■ EXERCISE INSTRUCTIONS
Copy the data that follows exactly. Include no pictures.

■ PROVIDED MATERIAL
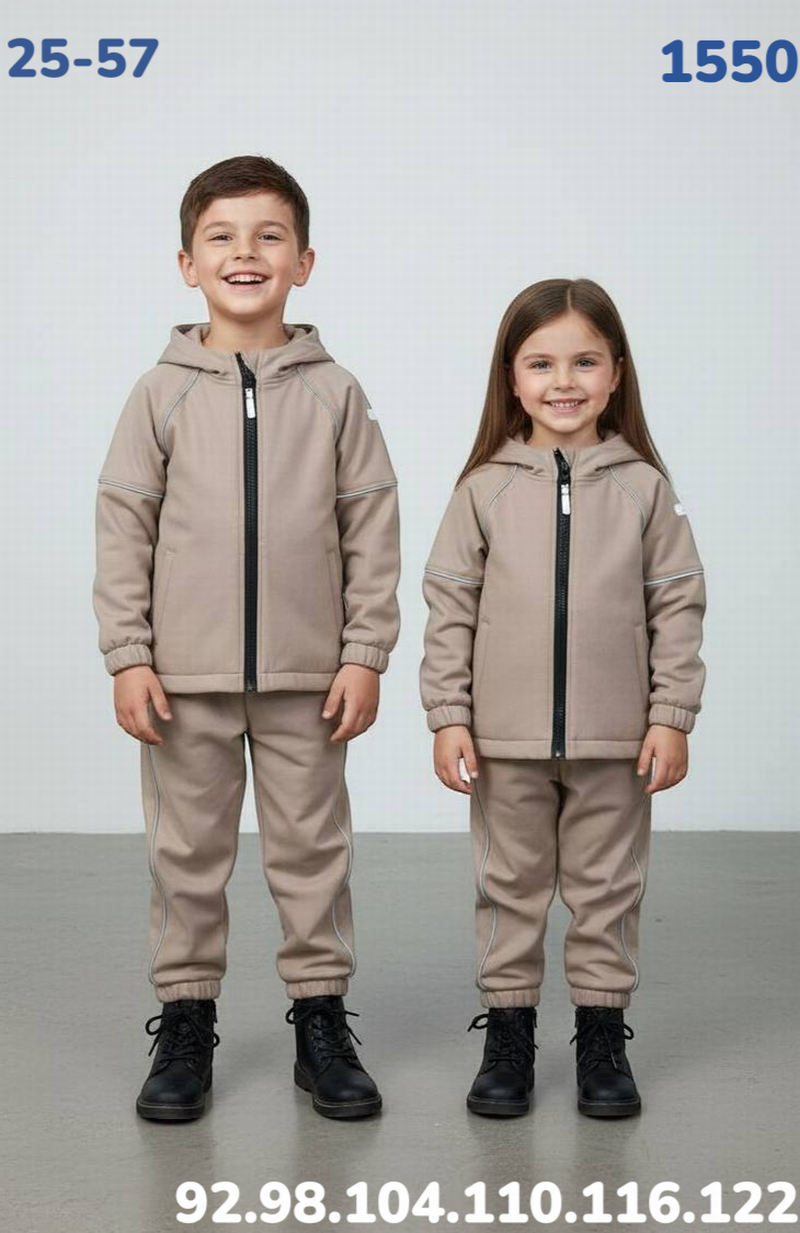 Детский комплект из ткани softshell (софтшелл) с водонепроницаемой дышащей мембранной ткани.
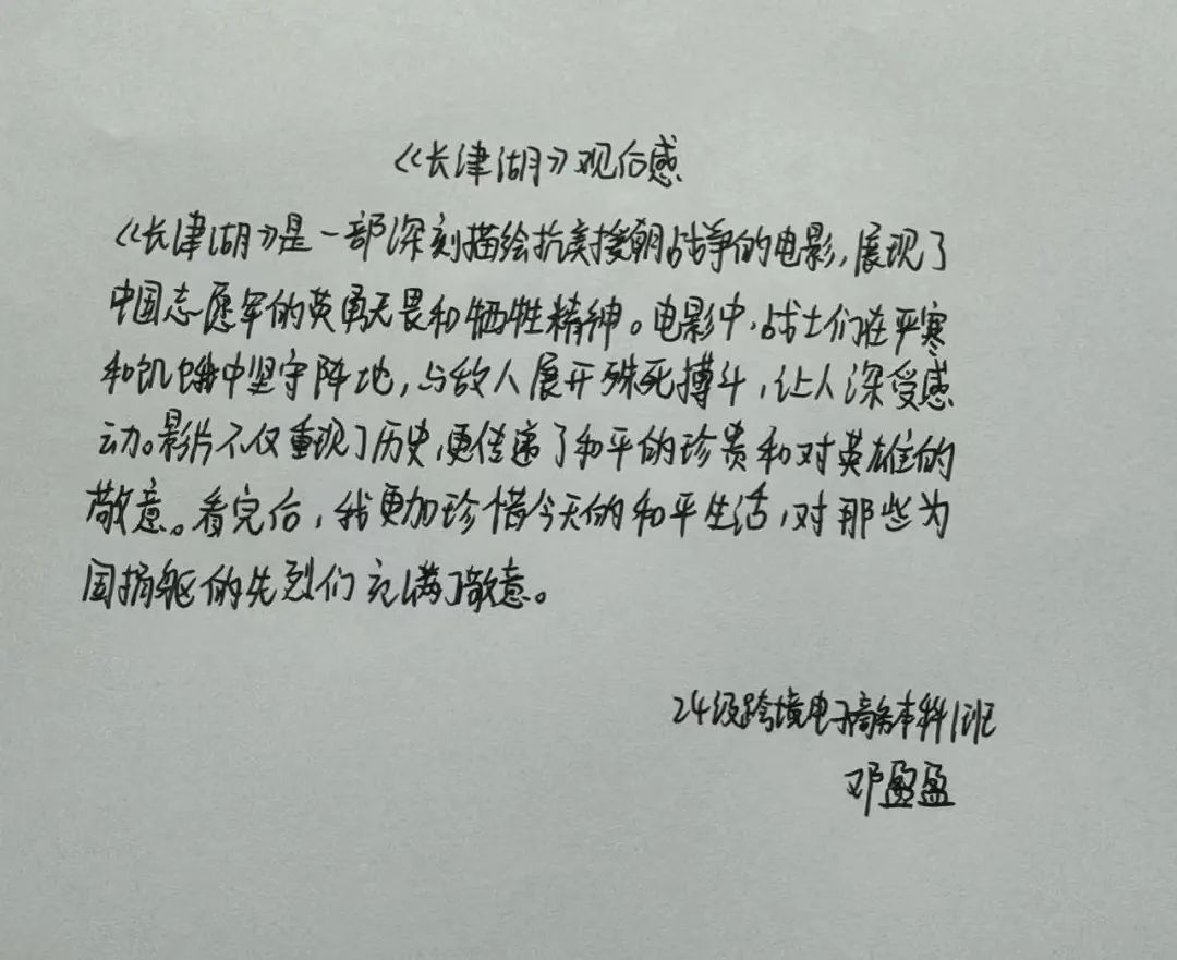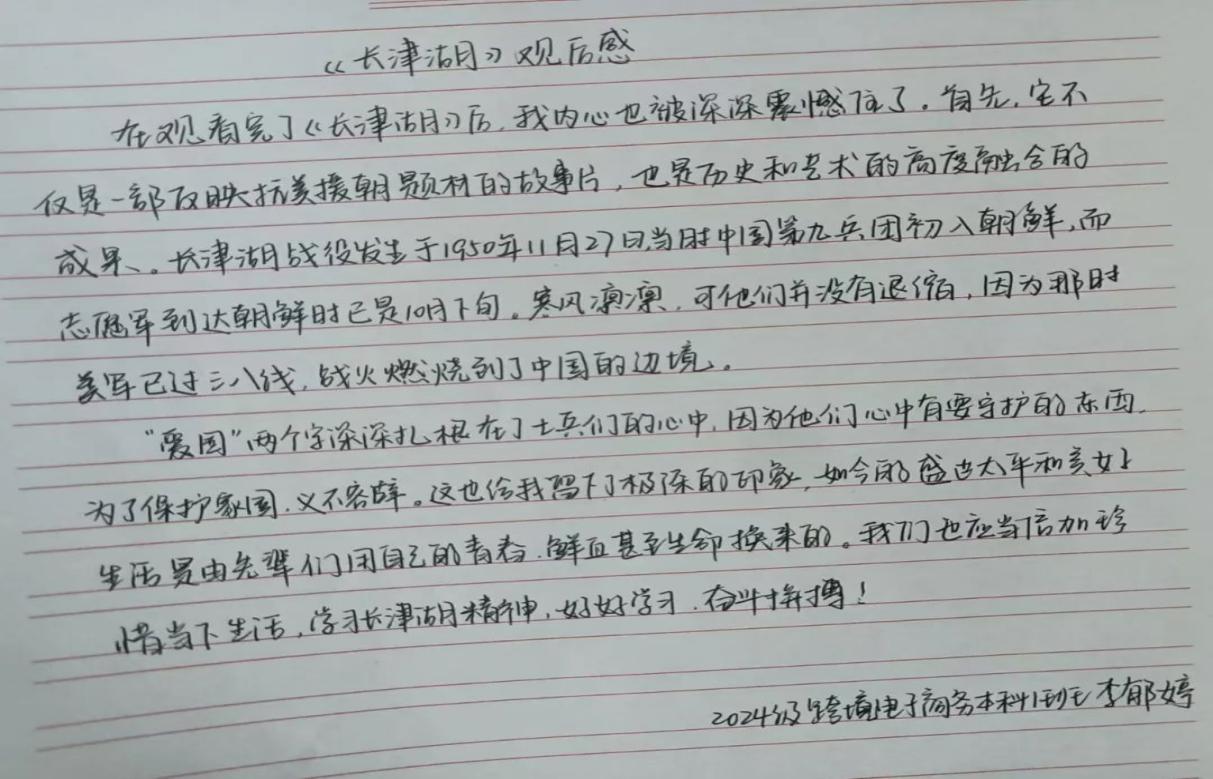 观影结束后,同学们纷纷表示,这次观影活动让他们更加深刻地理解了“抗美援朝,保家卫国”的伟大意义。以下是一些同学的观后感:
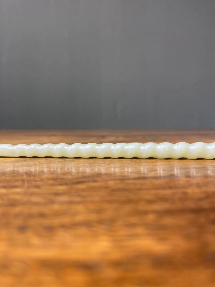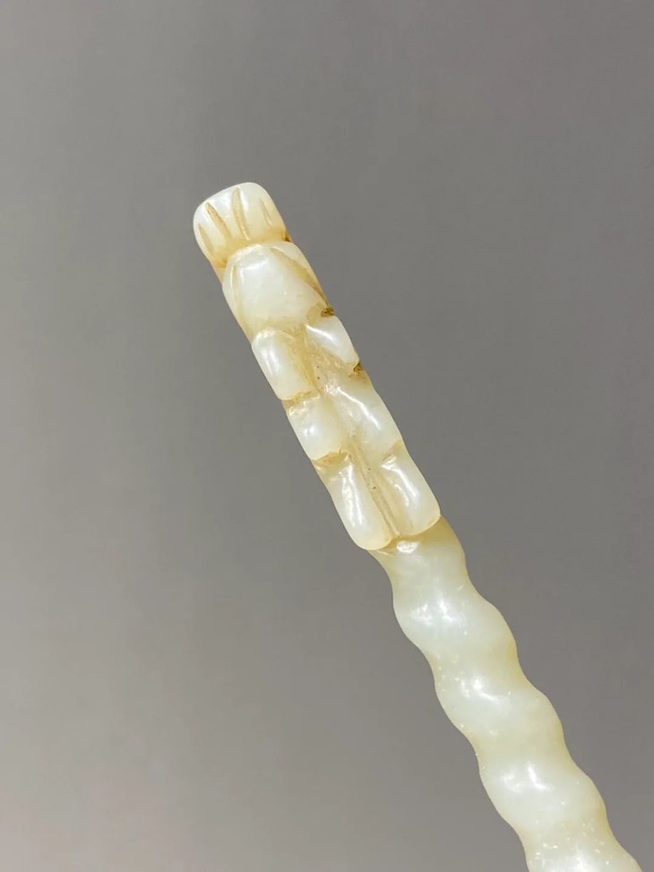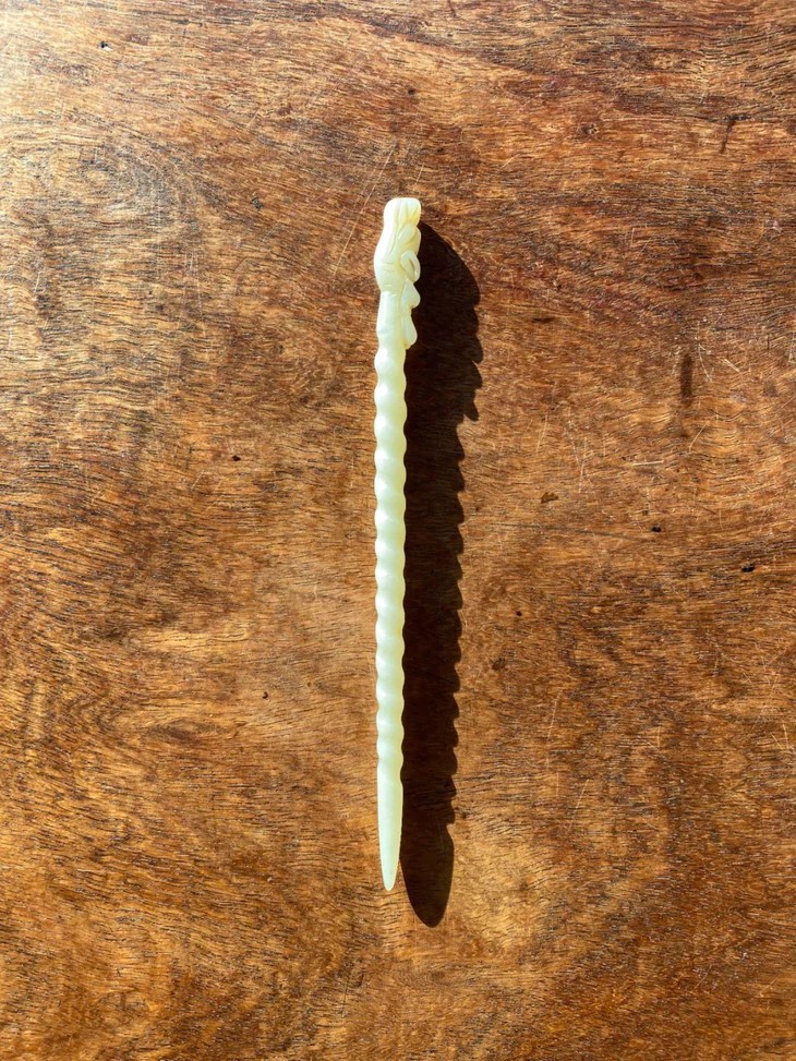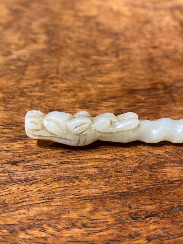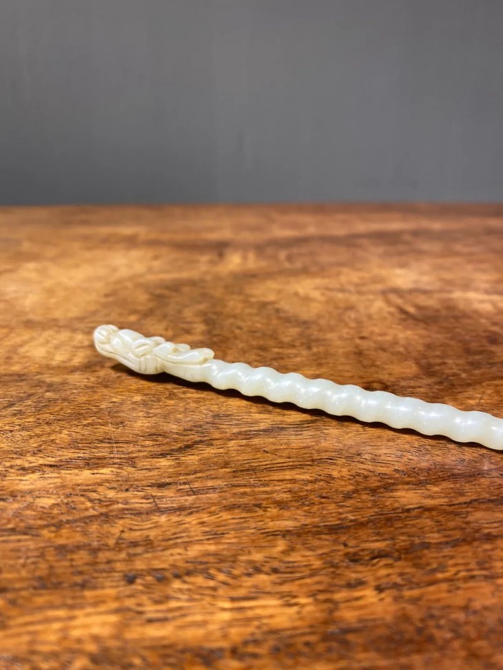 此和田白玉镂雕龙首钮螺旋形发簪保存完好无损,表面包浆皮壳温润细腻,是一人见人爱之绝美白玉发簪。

■ COMPLETED TASK
 Детский комплект из ткани softshell (софтшелл) с водонепроницаемой дышащей мембранной ткани.
 观影结束后,同学们纷纷表示,这次观影活动让他们更加深刻地理解了“抗美援朝,保家卫国”的伟大意义。以下是一些同学的观后感:
 此和田白玉镂雕龙首钮螺旋形发簪保存完好无损,表面包浆皮壳温润细腻,是一人见人爱之绝美白玉发簪。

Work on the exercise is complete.